The study demonstrates that large, idealized changes in global forest cover can substantially reorganize atmospheric and ocean circulation: forestation yields global warming, weaker and poleward-shifted NH midlatitude circulation, and a slowed AMOC, while deforestation produces opposite, stronger responses and a southward-shifted ITCZ with seasonally varying Hadley cell adjustments. These dynamics lead to significant remote impacts on precipitation, cloudiness, and winds across ocean basins and continents. Given proposals for massive tree planting, such biogeophysical and dynamical consequences must be integrated into policy and project design. Future research should assess these mechanisms with more realistic, regional and global forestation scenarios, transient future climates, inclusion of biogeochemical feedbacks, multi-model ensembles to quantify inter-model spread, and refined process studies of AMOC sensitivity (e.g., deep-water formation regions, air–sea fluxes, mesoscale storms, and gyre dynamics).

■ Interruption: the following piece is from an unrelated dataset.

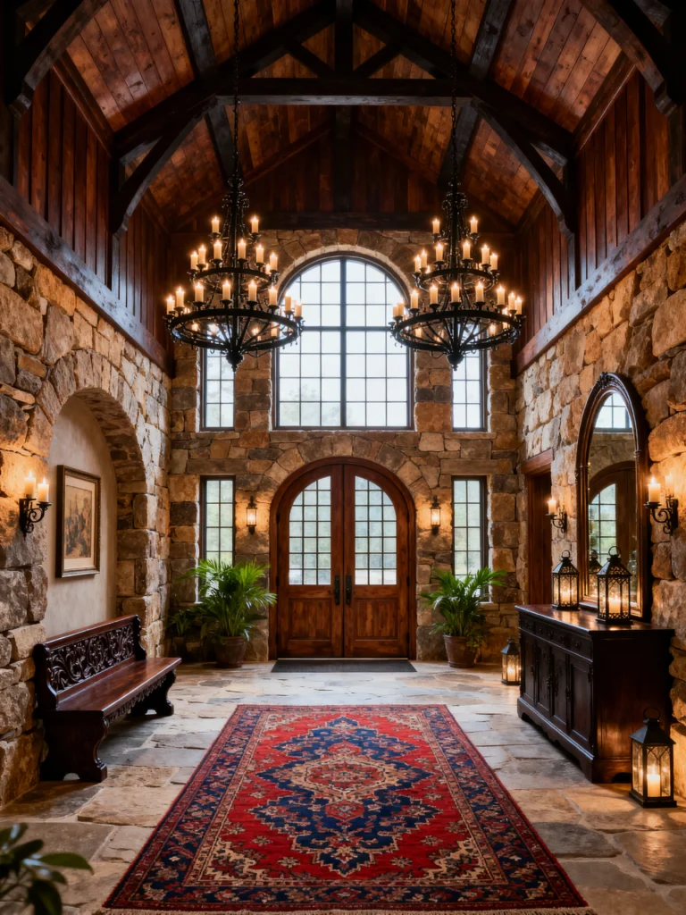 Wow. Just… wow. This is for the person who wants their home to feel like a modern-day castle. The floor-to-ceiling stonework is incredible. It’s heavy, it’s permanent, and it’s undeniably grand. The double arched doors and that massive window above let in a ton of light, which is crucial because all that stone and dark wood could feel heavy otherwise.

• Idealized scenarios (near-complete global forestation or deforestation) are not realistic deployment pathways but used to isolate mechanisms; extrapolation to partial or regional forestation requires caution. - CO2 is held fixed; biogeochemical feedbacks from carbon cycle changes are not included, so total climate impacts (thermodynamic plus biogeochemical) are not represented. - Despite 300-year integrations and excluding the first 50 years, full equilibrium is not reached (residual radiative imbalances), and deep-ocean adjustments continue. - Results are model- and parameterization-dependent; prior multi-model studies show substantial inter-model spread in temperature responses to land-use change, implying potential variability in circulation responses. - Spatial resolution and specific land-surface parameterizations may influence regional circulation, cloud, and air–sea flux responses. - Statistical significance is assessed on annual/seasonal means; some diagnostics (e.g., E-vector divergence) exhibit patchiness and limited significance in places.